BAGAIMANA PROSES PRODUKSI BIODIESEL DARI MINYAK KELAPA SAWIT?
Bahan baku minyak nabati yang berasal dari kelapa sawit melewati berbagai proses hingga menjadi CPO. Tahap pertama adalah pemanenan buah kelapa sawit yang dilakukan oleh pekebun dengan pemilihan tandan buah segar yang telah matang dan sempurna. Selanjutnya tandan buah segar ini didistribusikan ke pabrik kelapa sawit untuk diolah menjadi CPO.
Proses pengolahan tandan buah segar menjadi CPO diawali dengan penyortiran, dan buah dimasukkan kedalam rack cage (kandang rak) yang selanjutnya dimasukkan ke dalam sterilizer, tujuannya selain sterilisasi tandan buah segar juga untuk memudahkan lepasnya brondolan buah dari tandan, mengurangi kadar air, melunakkan daging buah, sehingga memudahkan proses pelumatan dan pengepresan serta pemisahan kernel dari cangkang.
Selanjutnya tandan buah segar yang telah direbus dimasukkan ke dalam treser dan dilumatkan pada nicister untuk kemudian diperas menggunakan truckpress sehingga menghasilkan minyak sawit. Tahap terakhir yaitu diberikan pada purifier dan vacuum dryer untuk mendapatkan CPU murni.
Selain menghasilkan proses pengolahan tandan buah segar kelapa sawit juga akan menghasilkan beberapa produk sampingan seperti, minyak kernel dan inti sebagai bahan baku minyak inti sawit, tandan buah kosong dan serat yang dapat diolah menjadi pupuk, cangkang kelapa sawit yang dapat digunakan sebagai bahan bakar biomassa sedangkan limbah cair atau palm oil mill effluent dapat diolah untuk menghasilkan energi pembangkit listrik.
CPO murni yang dihasilkan dari pabrik kelapa sawit kemudian didistribusikan ke pabrik pengolahan CPO. Proses distribusinya dapat menggunakan angkutan darat seperti, truk tangki, kereta api maupun kapal.
CPO sendiri dapat diolah menjadi berbagai macam produk, minyak nabati sebagai bahan baku minyak goreng, krim, margarin oleokimia untuk bahan baku deterjen, pelumas, asam laurat yang digunakan dalam kosmetik dan sabun dan bahan bakar nabati jenis biodiesel.
METODE PEMBUATAN BIODIESEL
Sebagai bahan bakar utama dalam proses produksi biodiesel kualitas CPO menentukan kualitas biodiesel secara keseluruhan.
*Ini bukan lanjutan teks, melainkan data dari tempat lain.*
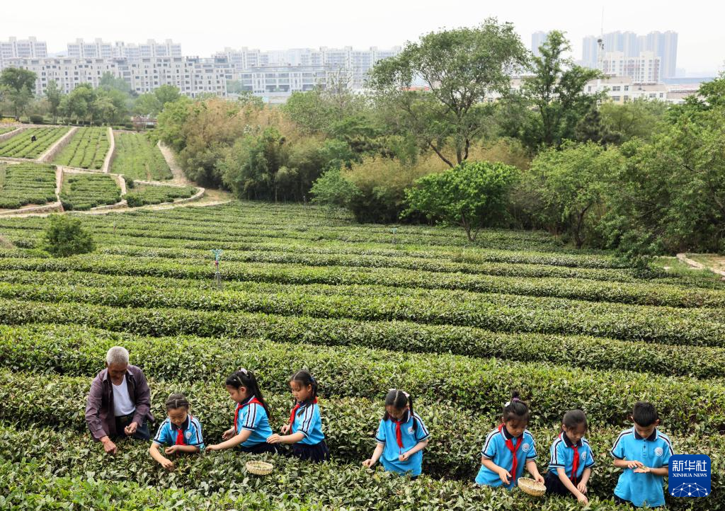 5月22日,参加研学活动的学生在日照市岚山区“北门外1966”茶园采茶。
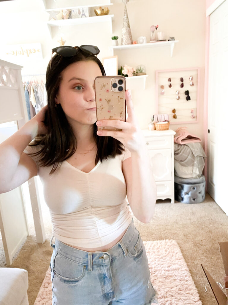 Outfit Links: Top (in a small, tts) | Shorts (in a 27, tts but go up if you prefer a looser fit) | Sunglasses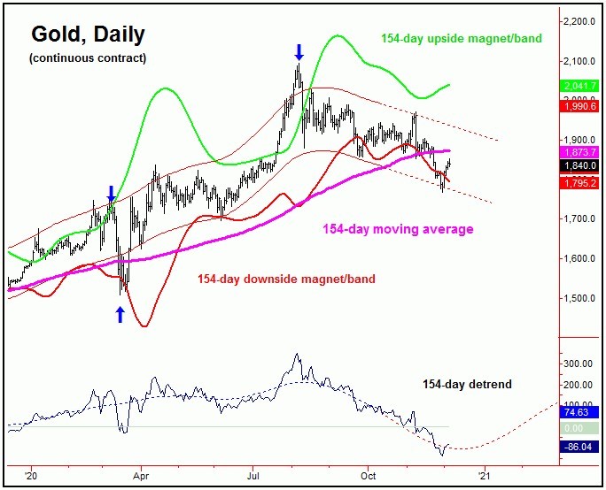 With the configuration of each of the 72-day and 154-day cycles - which are at or into bottoming range - Gold 2200 may come sooner than you think. That is, the larger swing down has either already bottomed, or else has a marginally lower low to go before doing so. Will you be prepared for the next upturn?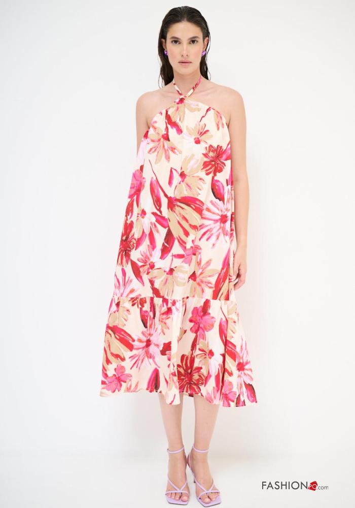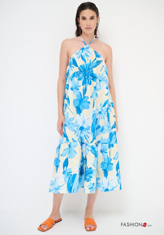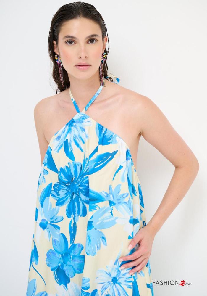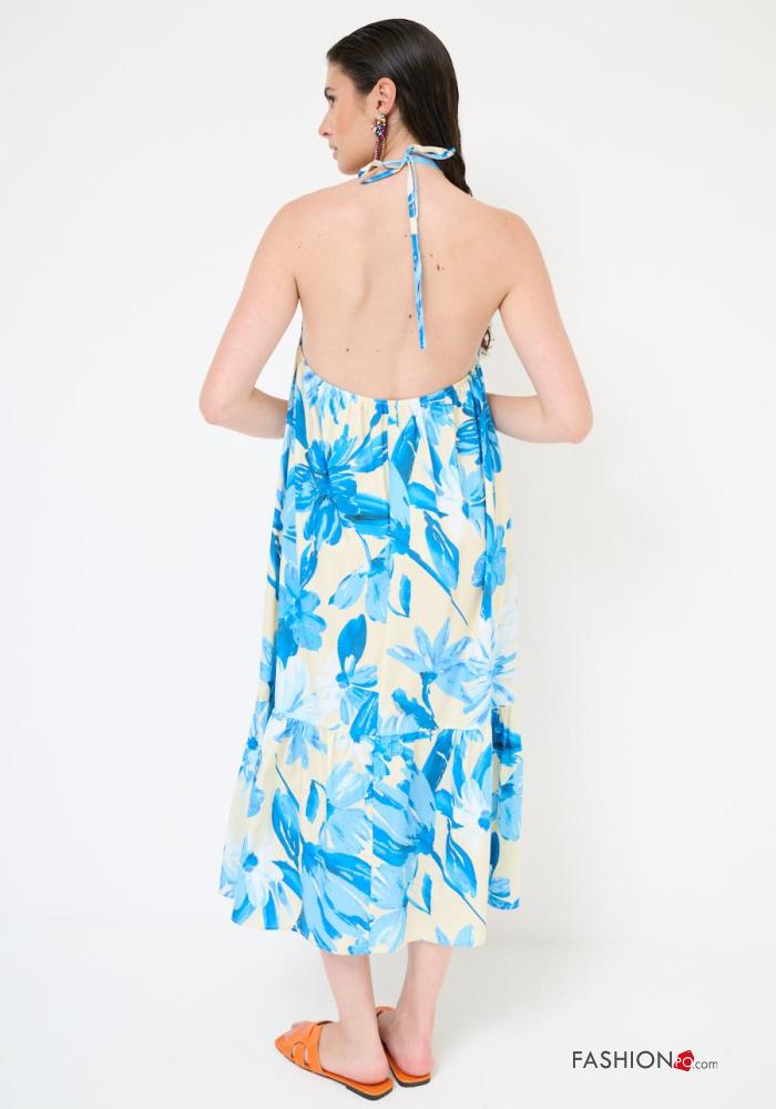 Abito in Cotone senza maniche scollato sulla schiena Fantasia floreale con fiocco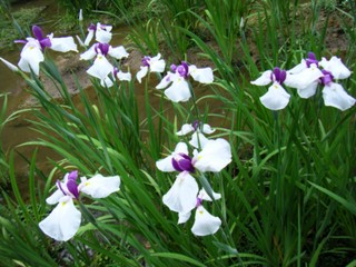 ・かきつばたも水辺に生えてて、葉脈もあるけど細く、花弁の付け根の紋が白い。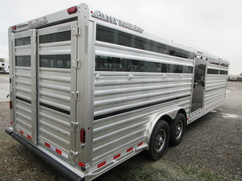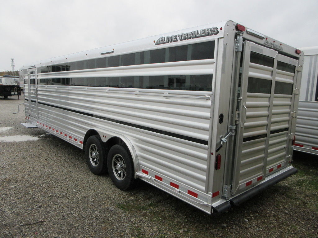 2026 Elite 8x28x6’6” Tall Stock, Front floating cut gate with 3/4 no step gate, rear floating cut gate with 3/4 no step gate, side ramp in front of axle, inside and outside tie rail high and low, roof vents, load lights, front 6’ makes a dirty tack, sealed walk out escape door, step at escape, gate over side ramp, 12V Battery for lighting, 14 ply Goodyear G614 radials, 8k axles, plexiglass, enclosed G/N Nose. Trades considered, financing available with approved credit. Main Trailer Sales, LLC 812-524-7986 www.maintrailersales.com 905 S. Commerce Drive Seymour, IN 47274. Stock#T0023407 2026 Elite 8x28x6’6” Tall Stock, Front floating cut gate with 3/4 no step gate, rear floating cut gate with 3/4 no step gate, side ramp in front of axle, inside and outside tie rail high and low, roof vents, load lights, front 6’ makes a dirty tack, sealed walk out escape door, step at escape, gate over side ramp, 12V Battery for lighting, 14 ply Goodyear G614 radials, 8k axles, plexiglass, enclosed G/N Nose. Trades considered, financing available with approved credit. Main Trailer Sales, LLC 812-524-7986 www.maintrailersales.com 905 S. Commerce Drive Seymour, IN 47274. Stock#T0023407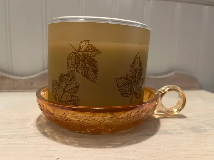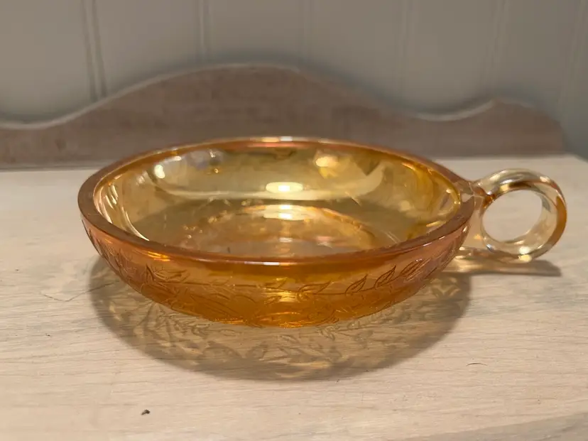 The color is a marigold or peach iridescent luster. featuring a single handle and a floral / leaf pattern around the rim.

Spesifikasi CPO yang dibutuhkan tidak boleh memiliki kandungan asam yang tinggi serta tidak boleh berasal dari tandan buah segar yang didiamkan terlalu lama. Selain itu spesifikasi yang berkualitas, berlaku juga pada bahan pendukung seperti bubuk pembersih dan metanol.
Tidak cukup hanya kualitas bahan baku, proses produksi juga merupakan hal yang memegang peran penting dalam proses produksi biodiesel.
Terdapat dua cara metode pembuatan biodiesel yaitu transesterifikasi atau metanolisis jika bahan baku menggunakan trigliserida dengan katalis basa dan esterifikasi jika menggunakan bahan baku asam lemak dengan katalis asam.
Untuk skala komersil produsen biodiesel di Indonesia menggunakan metode transesterifikasi, karena kecepatan reaksi katalis basa lebih cepat dari katalis asam, sekalipun pada temperatur yang relatif rendah sehingga dinilai lebih efektif dan efisien.
Secara umum tahapan proses untuk produksi biodiesel berbahan baku minyak sawit atau CPO terdiri dari beberapa tahap utama yaitu
- Pemurnian bahan baku CPO melalui refining proses
- Proses reaksi transesterifikasi dan pemisahan Gliserol
- Proses pemurnian biodiesel
Tahap pertama pembuatan biodiesel adalah pengolahan CPO menjadi Refined, Bleached Palm Oil (RBPO) dalam proses ini minyak kelapa sawit mentah akan dibersihkan dengan cara degumming atau pemisahan antara minyak dengan getah dan lendir. Selanjutnya CPO akan diputihkan atau bleaching dengan menggunakan material berupa bleaching earth.
RBPO yang dihasilkan ini masih mengandung residu yang berupa minyak dengan kualitas rendah yang bercampur dengan lendir dan kotoran atau sperm bleaching earth.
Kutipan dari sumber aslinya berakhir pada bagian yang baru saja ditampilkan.